What to produce:
Return only those lines of the records below in which "einem" appears.

Input data:
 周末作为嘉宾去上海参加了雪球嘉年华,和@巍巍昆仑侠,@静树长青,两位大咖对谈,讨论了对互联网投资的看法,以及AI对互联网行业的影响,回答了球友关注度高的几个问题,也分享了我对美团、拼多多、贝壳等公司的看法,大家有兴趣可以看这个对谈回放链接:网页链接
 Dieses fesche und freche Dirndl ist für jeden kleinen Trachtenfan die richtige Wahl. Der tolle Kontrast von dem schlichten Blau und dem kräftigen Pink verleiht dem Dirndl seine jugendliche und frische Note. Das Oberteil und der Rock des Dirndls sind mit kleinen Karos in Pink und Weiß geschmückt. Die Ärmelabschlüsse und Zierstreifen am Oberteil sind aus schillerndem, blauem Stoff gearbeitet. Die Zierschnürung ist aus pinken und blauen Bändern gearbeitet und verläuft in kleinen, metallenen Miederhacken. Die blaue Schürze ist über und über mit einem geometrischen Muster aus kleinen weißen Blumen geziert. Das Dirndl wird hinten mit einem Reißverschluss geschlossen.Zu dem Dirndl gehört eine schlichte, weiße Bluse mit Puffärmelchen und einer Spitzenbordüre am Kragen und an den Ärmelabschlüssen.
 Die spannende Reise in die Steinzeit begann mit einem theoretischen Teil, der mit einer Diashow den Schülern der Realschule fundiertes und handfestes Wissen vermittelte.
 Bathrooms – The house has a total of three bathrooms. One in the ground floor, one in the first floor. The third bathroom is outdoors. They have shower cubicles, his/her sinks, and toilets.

--

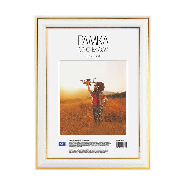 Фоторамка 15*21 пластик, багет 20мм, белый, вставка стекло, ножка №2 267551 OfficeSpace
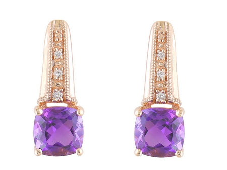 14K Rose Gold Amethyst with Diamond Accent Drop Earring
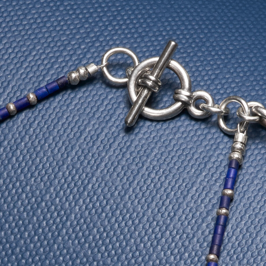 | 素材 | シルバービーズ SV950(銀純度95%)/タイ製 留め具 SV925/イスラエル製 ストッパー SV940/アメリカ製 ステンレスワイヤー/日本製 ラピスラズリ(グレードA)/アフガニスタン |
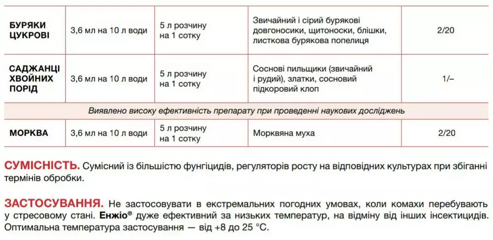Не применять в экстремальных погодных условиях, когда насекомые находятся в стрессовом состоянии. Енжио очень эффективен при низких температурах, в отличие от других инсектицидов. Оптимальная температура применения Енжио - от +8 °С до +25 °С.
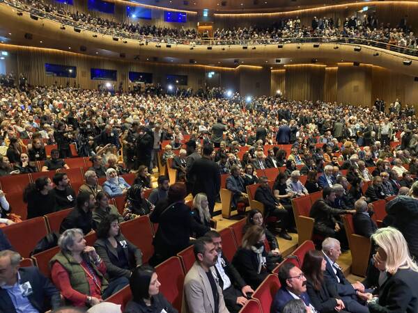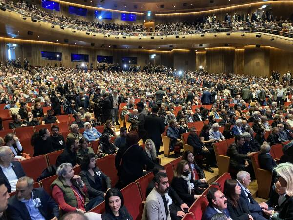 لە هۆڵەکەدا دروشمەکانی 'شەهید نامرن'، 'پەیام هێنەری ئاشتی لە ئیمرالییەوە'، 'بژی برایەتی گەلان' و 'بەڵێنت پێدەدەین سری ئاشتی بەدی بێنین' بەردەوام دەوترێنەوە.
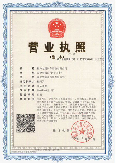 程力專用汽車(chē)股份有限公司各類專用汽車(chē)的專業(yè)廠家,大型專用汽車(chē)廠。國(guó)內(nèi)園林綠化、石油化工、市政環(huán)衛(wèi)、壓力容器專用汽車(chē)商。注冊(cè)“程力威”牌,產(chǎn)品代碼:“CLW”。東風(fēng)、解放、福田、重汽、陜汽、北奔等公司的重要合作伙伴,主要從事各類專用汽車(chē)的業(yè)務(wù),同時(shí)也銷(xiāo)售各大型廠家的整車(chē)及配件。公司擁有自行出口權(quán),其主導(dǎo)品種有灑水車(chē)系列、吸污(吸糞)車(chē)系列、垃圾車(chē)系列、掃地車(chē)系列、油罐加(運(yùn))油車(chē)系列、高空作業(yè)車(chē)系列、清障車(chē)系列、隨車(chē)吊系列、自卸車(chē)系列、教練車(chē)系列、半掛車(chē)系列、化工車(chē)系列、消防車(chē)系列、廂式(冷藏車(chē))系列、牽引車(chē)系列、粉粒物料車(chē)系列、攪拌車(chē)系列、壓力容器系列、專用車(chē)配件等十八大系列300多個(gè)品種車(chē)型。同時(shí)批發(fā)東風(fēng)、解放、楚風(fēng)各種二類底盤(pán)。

Result of this exercise:
 Dieses fesche und freche Dirndl ist für jeden kleinen Trachtenfan die richtige Wahl. Der tolle Kontrast von dem schlichten Blau und dem kräftigen Pink verleiht dem Dirndl seine jugendliche und frische Note. Das Oberteil und der Rock des Dirndls sind mit kleinen Karos in Pink und Weiß geschmückt. Die Ärmelabschlüsse und Zierstreifen am Oberteil sind aus schillerndem, blauem Stoff gearbeitet. Die Zierschnürung ist aus pinken und blauen Bändern gearbeitet und verläuft in kleinen, metallenen Miederhacken. Die blaue Schürze ist über und über mit einem geometrischen Muster aus kleinen weißen Blumen geziert. Das Dirndl wird hinten mit einem Reißverschluss geschlossen.Zu dem Dirndl gehört eine schlichte, weiße Bluse mit Puffärmelchen und einer Spitzenbordüre am Kragen und an den Ärmelabschlüssen.
 Die spannende Reise in die Steinzeit begann mit einem theoretischen Teil, der mit einer Diashow den Schülern der Realschule fundiertes und handfestes Wissen vermittelte.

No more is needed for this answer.